What we’ve seen: In the early months of the year, many cyclical and value stocks experienced an impressive rally over growth and defensive names. This was a function not only of explosive economic growth, but also sharply higher interest rates, which tend to dampen the market performance of companies whose earnings are anticipated far in the future. More recently, growth has surged in light of easing yields and shifting growth expectations. Although we aren’t calling the end of the value “reopening trade,” we believe these patterns reinforce the value of a diversified, balanced approach to portfolios as we look toward the middle innings of recovery.

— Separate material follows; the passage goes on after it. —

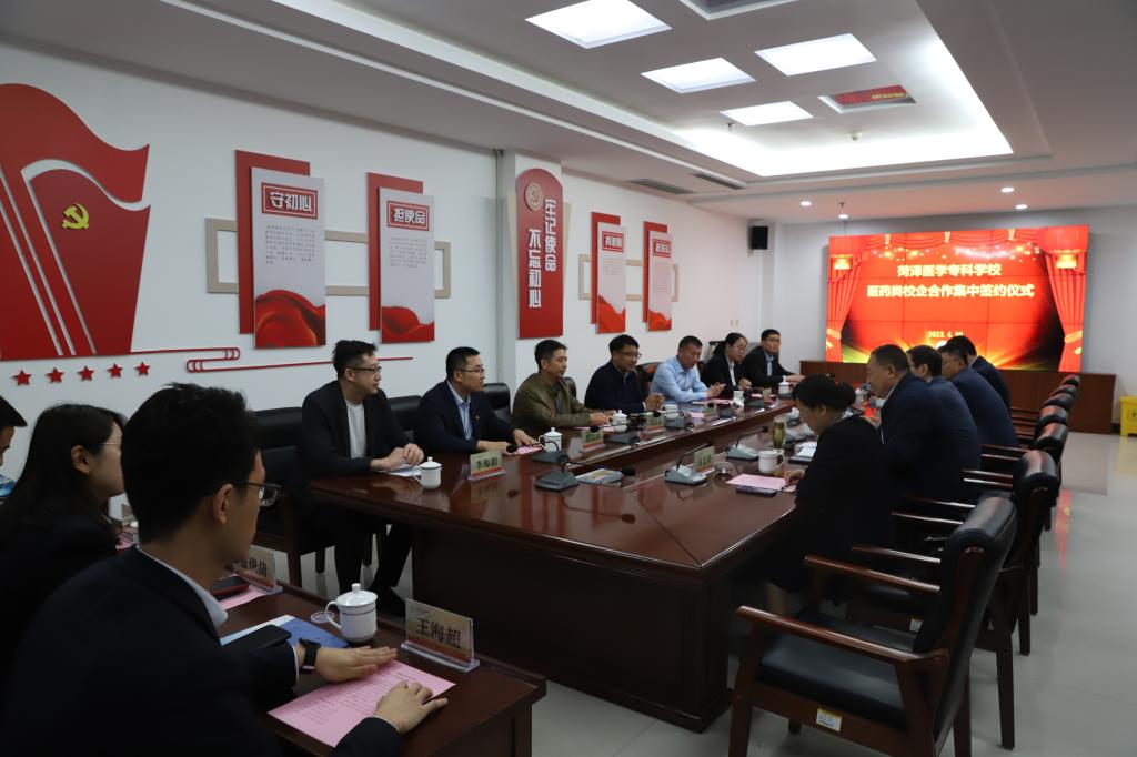 与会人员观看了学校宣传片“菏医这十年”。青岛同方药业连锁有限公司、瑞阳制药股份有限公司、齐鲁制药有限公司、甘李药业山东有限公司和山东九州通医药集团股份有限公司分别介绍了各自企业的基本情况,表达了与学校加强合作、实现共赢的强烈愿望。最后,学校与参会的5家企业分别签订了校企合作签约仪式,并就以后的合作方向进行了深入的交流和讨论,为实现互惠共赢奠定了良好的基础。(药学与检验系 史申楠/文 田文革/审核)

Secular Growth and Thematic Opportunities for the Long Term
What we said: In a low-growth world, secular growth stocks are likely to command a premium. We think a thematic approach can help to uncover lesser known and more attractively valued “hidden gems.” Investors should recognize that themes such as the digital transformation of the economy transcend regions and also may support growth deep into value chains. Having analysts with specific regional and technical knowledge can help unlock this significant opportunity.
What we’ve seen: As part of the recent rotation toward value this year, stocks within tech-driven thematic trends have tended to underperform. However, with less stark economic “base effects” and the gradual reduction of accommodative monetary and fiscal policies, we anticipate that the economy could slow in 2022 and enter a period of more stagnant expansion. In that environment, we believe that looking to select avenues of secular thematic growth, such as the 5G transition, automation, fintech and next-generation health care could be useful to supporting equity return expectations. That said, we believe that thematic investing is about employing research to find quality companies exposed to secular growth themes, particularly at a time when many growth stocks are trading at relatively high valuations.
Uncertainty Paves the Way for Opportunistic, Idiosyncratic Strategies
What we said: Next year is likely to present an unusual mix of economic dynamics, with hints of cyclical acceleration against a backdrop of longer-term economy maturity, and ongoing pandemic and policy uncertainty. We believe any resulting volatility should provide a role for opportunistic strategies (for capital appreciation) and idiosyncratic, uncorrelated strategies (to lend stability to portfolios). Meanwhile, private investing opportunities will likely be found in sectors and regions where businesses have resilient growth prospects and executable business plans that add value amid uncertainty.
What we’ve seen: Recent market trends including Treasury, dollar volatility, and equity style rotation have created a rich environment for trading strategies and other liquid alternatives this year, with many of the benchmark HFRI hedge fund indices in strongly positive territory through the end of June. Private equity deals have continued to focus on companies with fundamentally strong businesses to ride out ongoing volatility, as well as the ability to generate strategic and operationally driven growth. In our opinion, recent market volatility has served as a reminder of the need to seek out new sources of diversification as the world emerges from the pandemic.